Studio album by Khaled
- Released: March 30, 2009
- Recorded: 2008—2009
- Studio: Studio Davout (Paris)
- Genre: Raï
- Length: 73:43
- Label: Wrasse; AZ;
- Producer: Martin Meissonnier

Khaled chronology
| Best of Khaled (2007) | Liberté (2009) | C'est la vie (2012) |

= Liberté (Khaled album) =

Liberté is the sixth studio album by Khaled. Released in 2009, the album is Khaled's first studio album to feature original material following a five-year hiatus.

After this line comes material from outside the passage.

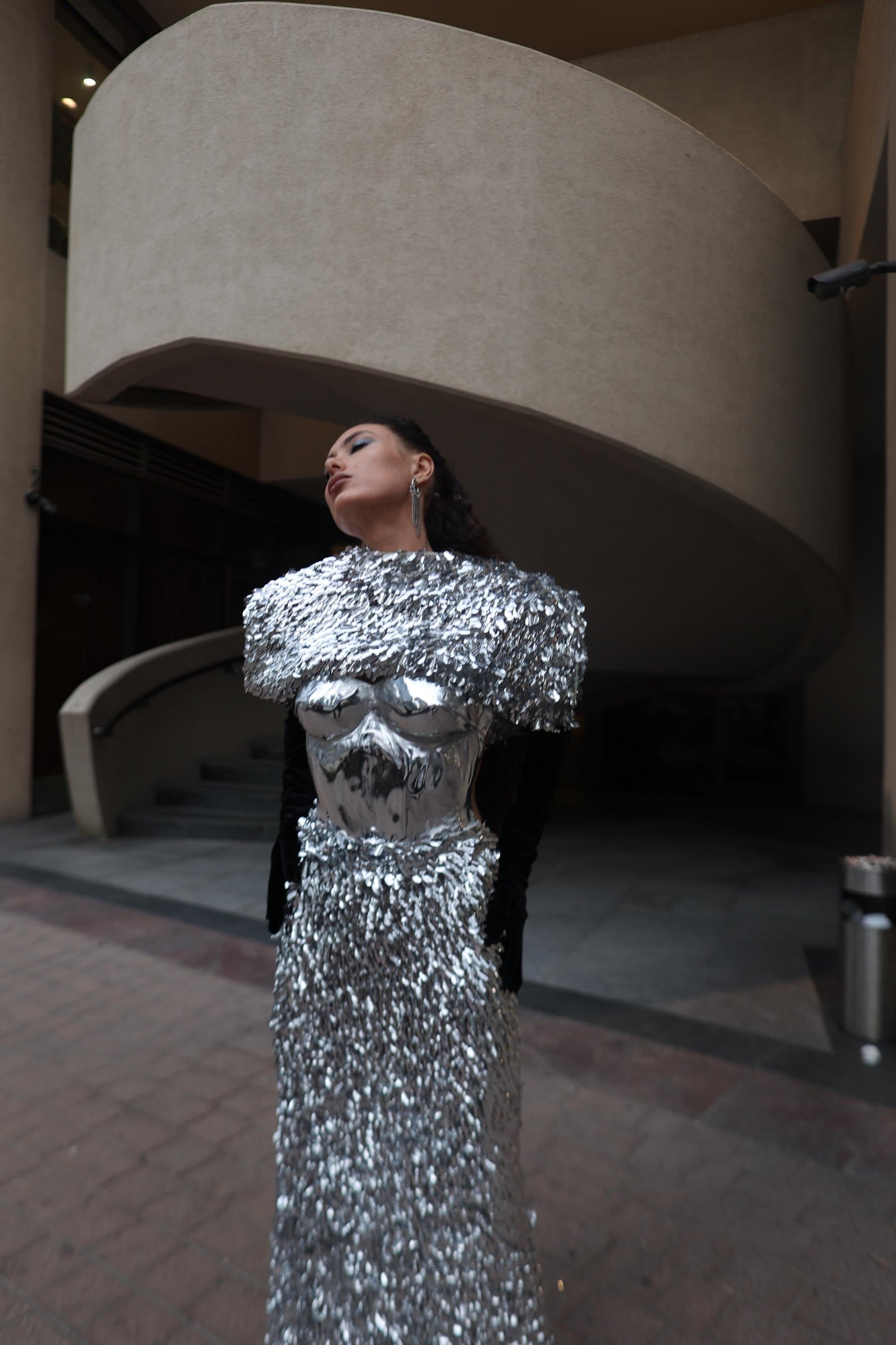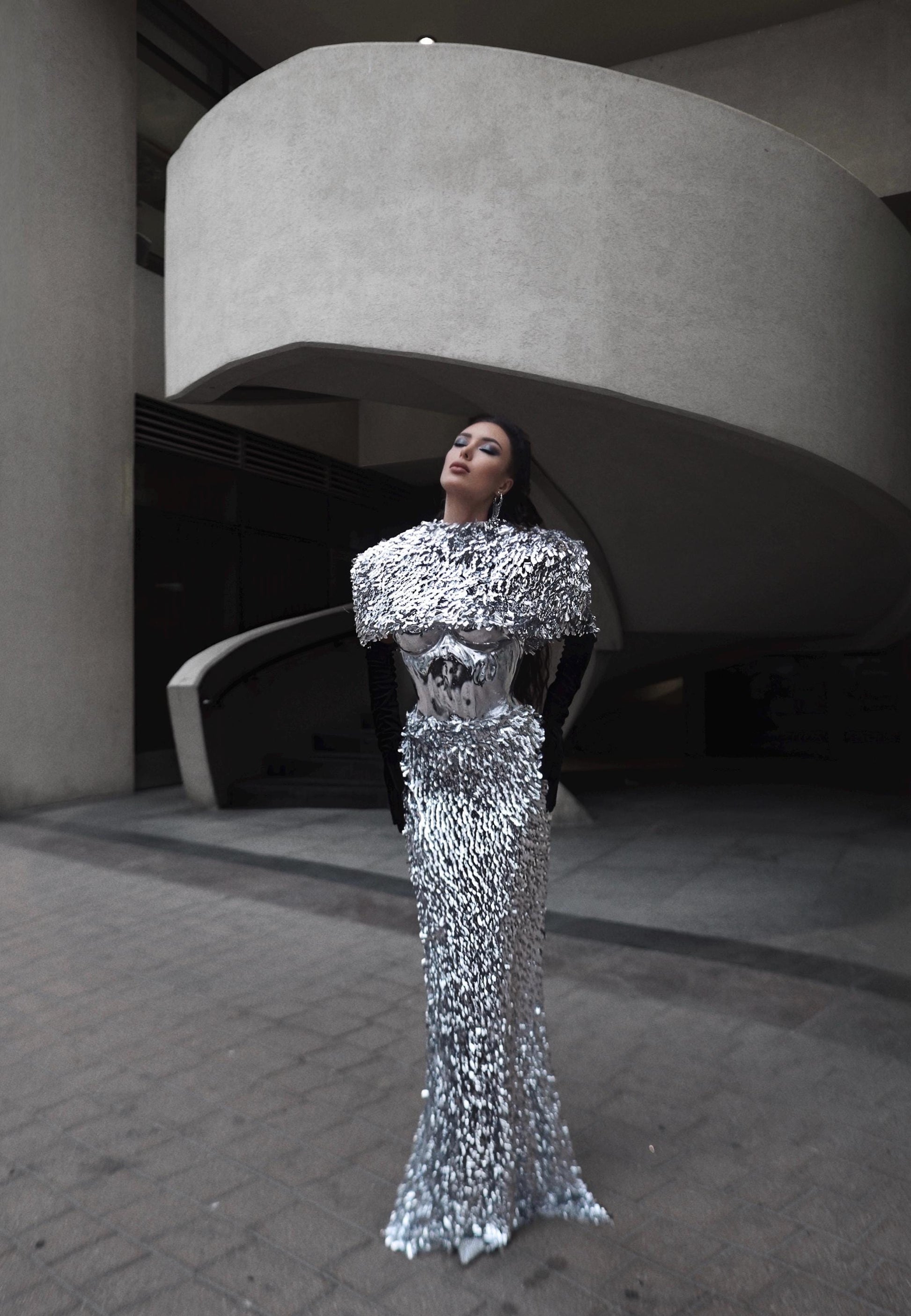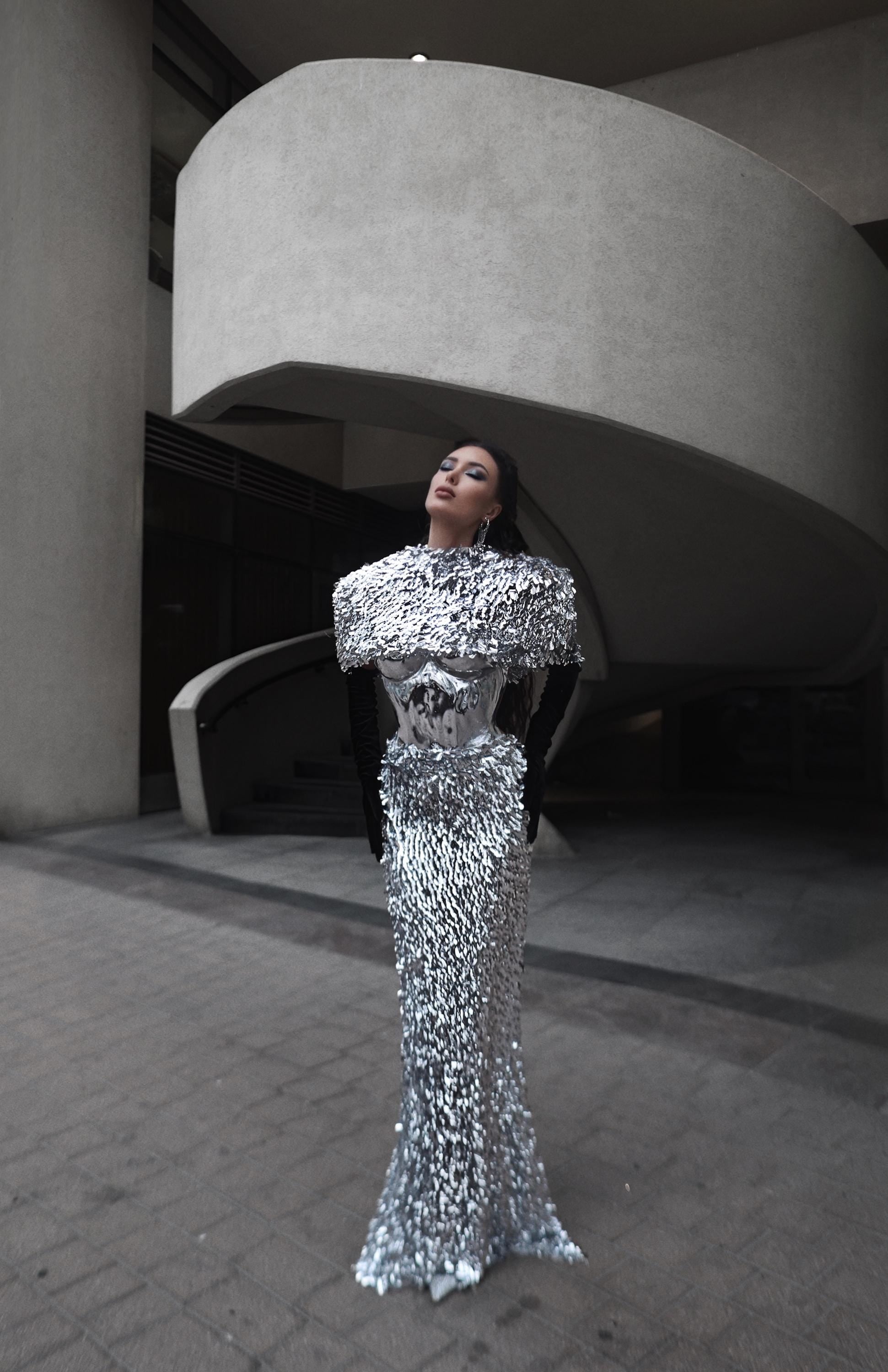 This handmade silver outfit features a dramatic shoulder cape and a shimmering skirt that catches the light with every movement. Perfect for special events, photoshoots, performances, or editorial looks.

The Guardian, Friday 8 May 2009, in reviewing the CD, commenced with the comment that "Khaled, the "king of Rai", became a celebrity across Europe and the Middle East in the early 1990s, provoking scenes worthy of Beatlemania..." and noted that the new CD continued his "growing interest in acoustic styles".

==Critical reception==

The album marks a shift to a more acoustic Raï orientated sound. However, in contrast to his previous work, the album incorporates elements of Gnawa music, as seen on the track "Gnaoui. It also features Egyptian string performances recorded in Cairo. The album was recorded in the studio under live conditions to replicate the energy of his live performances.

Professional ratings
Review scores
| Source | Rating |
| Allmusic | Star Half star |
| The Guardian | Star |
| The Daily Telegraph | Star |

==Composition==
The meaning of the title track "Liberté" has been described by the artist as the attainment of freedom at the cost of ones innocence. Khaled describes "Sidi Rabbi" as a prayer for repentance for any pain he has caused to his parents. The album features two covers two songs by the Algerian artist Blaoui Houari; "Zabana" and "Papa". Zabana is a tribute to Ahmed Zabana, the first man to be executed by the French in Oran during the Algerian War of Independence; whereas "Papa" is a tribute to the memory of his late father and was co-written with French musician Philippe Gouadin.

==Live performance==
On November 21, 2009, Khaled performed tracks from the album at the MGM Grand Las Vegas.

==Track listing==
1. "Hiya Ansadou (Intro)" - 1:23
2. "Hiya Ansadou" - 4:49
3. "Raikoum (Intro)" - 1:20
4. "Raikoum" - 4:50
5. "Ya Bouya Kirani" - 6:23
6. "Gnaoui" - 5:39
7. "Zabana" - 8:19
8. "Liberté (Intro)" - 2:41
9. "Liberté" - 4:33
10. "Ghadni Soghri"
11. "Sidi Rabbi" - 5:35
12. "Yamina (Intro)" - 2:27
13. "Yamina" - 4:20
14. "Papa" - 5:24
15. "Maghboune" - 4:48
16. "Mimoune (Intro)" - 1:12
17. "Mimoune" - 4:54

The booklet of the French release on AZ contains French translations, but not the Arabic sung texts.